09:22 AM EST, 12/23/2024 (MT Newswires) -- Canadian monthly real gross domestic product advanced 0.3% month over month in October, one tick higher than consensus expectations, noted Desjardins.
The strength was primarily driven by oil and natural gas extraction as activity at several facilities resumed following maintenance in August and September. That resulted in near-record production at some sites over the month, said the bank.
In addition, the real estate sector was the second-largest positive contributor to growth over the month. GDP growth would have been even stronger were it not for several port labor strikes which weighed on activity in the transportation and warehousing sector, pointed out Desjadins.
Revisions to the prior month also suggest that the Canadian economy was on a more solid footing entering Q4.
Statistics Canada's flash estimate for November also released on Monday showed that real GDP likely contracted by 0.1% month over month. That decline appears to be primarily driven by oil and gas, transportation and warehousing, and finance and insurance.
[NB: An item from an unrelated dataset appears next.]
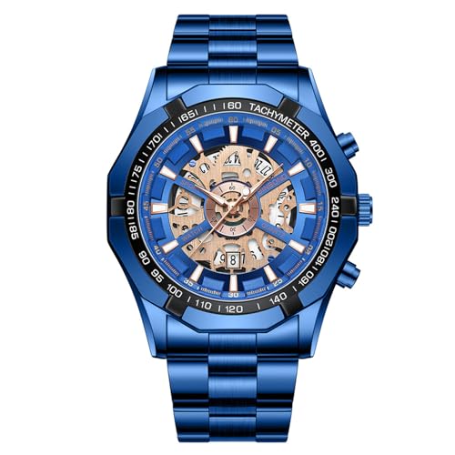 JewelryWe Montre Homme Analogique Quartz: Montre Bracelet Acier Inoxydable Imitation Mécanique Étanche 3ATM avec Aiguilles et Index Lumineux, Tachymètre, Calendrier - Six Couleurs Disponibles

The Canada Post and port strikes continued through to November, so some of the weakness in transportation and warehousing may still be attributed to those labor disputes.
With the updated figures, the bank's GDP tracking for Q4 is still broadly in line with the 2% estimate from the Bank of Canada's October Monetary Policy Report. That said, the BoC will still need to lower interest rates further ahead of the mortgage renewal wall next year.
That, coupled with slowing population growth and uncertainty from United States trade policies, should see Canada's central bank cut rates by another 25 basis points in January, according to Desjardins.